Technology like OBA bridge the gap from now until legacy interfaces eventually fade away. To use the earlier RFI example, newer interfaces show only the specific RFIs people need to contribute to and, depending on their roles, the fields they need to complete in each.

Building information generated today remains useful to building stakeholders throughout a building’s useful life, so software developers need to guide the evolution of their software to ensure today’s BIM information, CAD files and other digital dossiers remain legible to tomorrow’s software.

Expect AEC professionals to also demand improvements in today’s tools that enable them to account for forces like peak oil, globalization, evolving legislation and ever-increasing environmental awareness.

Engineers, for instance, will want models they build to more closely represent actual behaviour of structures they design. “The software has to handle more complicated models, more complete 3D models, more complex loading and different materials, and do all this more quickly to provide answers faster,” says Stylianou.

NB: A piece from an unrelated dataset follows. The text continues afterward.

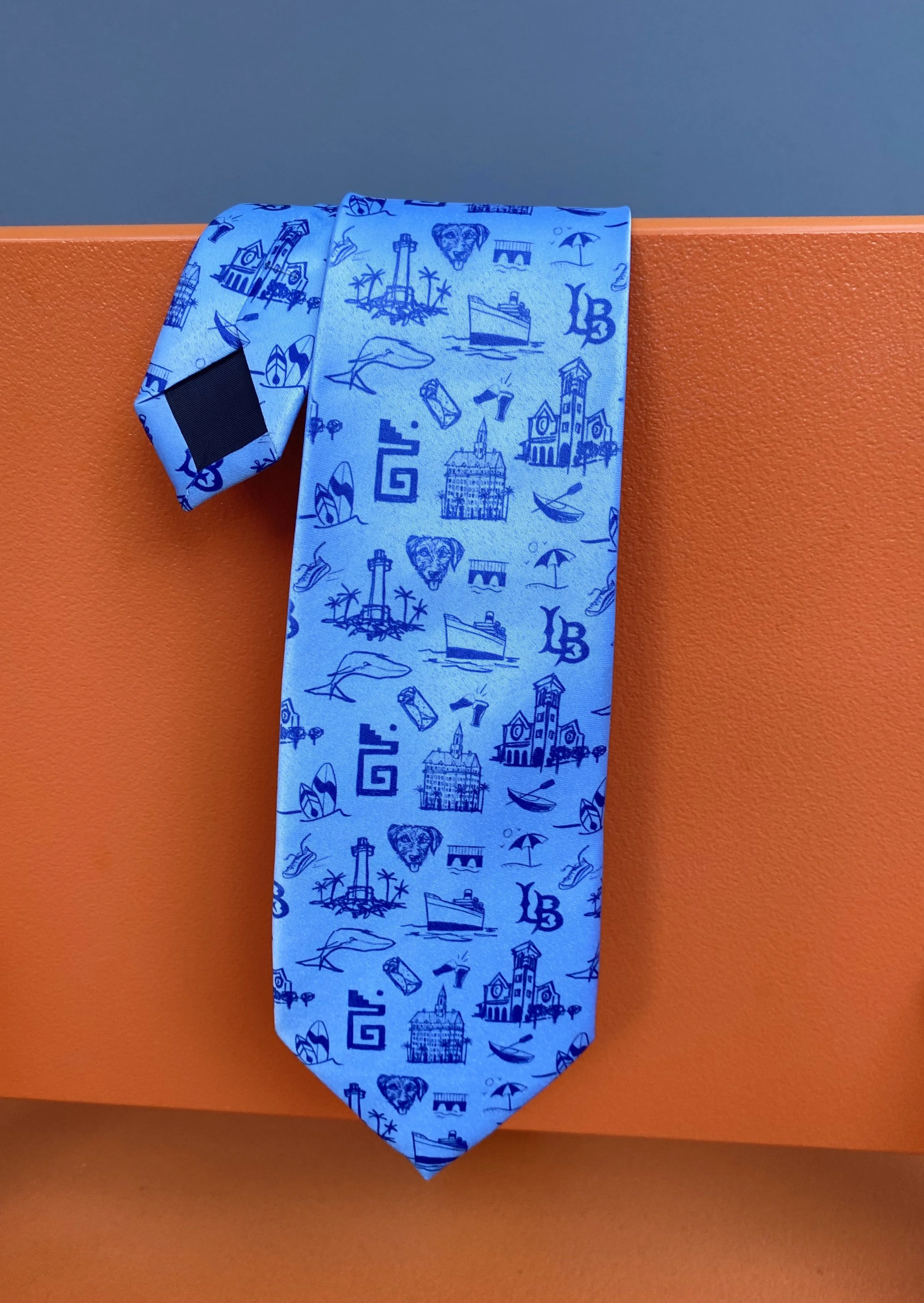 Configuring grouped and individual illustration placement, sizing, and tie color pairings against the dark denim blue stroke selected by the client

Demand for increased efficiencies and LEED certification will boost AEC use of RFID technology. “We’re now learning that you can squeeze a lot of cost by optimizing the supply chain,” Berti says. “It’s like just-in-time (JIT) delivery, promoting more efficient material and labour tracking.”

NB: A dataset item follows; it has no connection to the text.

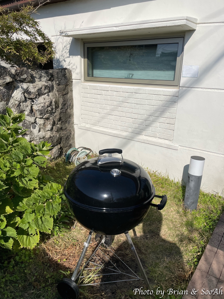 씽크대 뒤의 유리문으로 나가면 야외 바베큐를 즐길 수 있는 공간이 있더군요. 그 담장너머로는 지나가는 동네 사람들도 볼 수 있었구요.

“There’s pressure to make more complicated software easier to use,” Baker says, noting demand for better visuals and improved navigation within software. “That’s good pressure to have.”

Not that all developers will succumb to the pressure. Software tailored to the construction industry tends to be very sophisticated and was never meant for the casual user. “If something’s really easy to use,” Stylianou says, “it runs out of depth after a few months when people bump up against its limits.”

“But customers want both depth and ease of use in the same package, and that keeps us improving it.”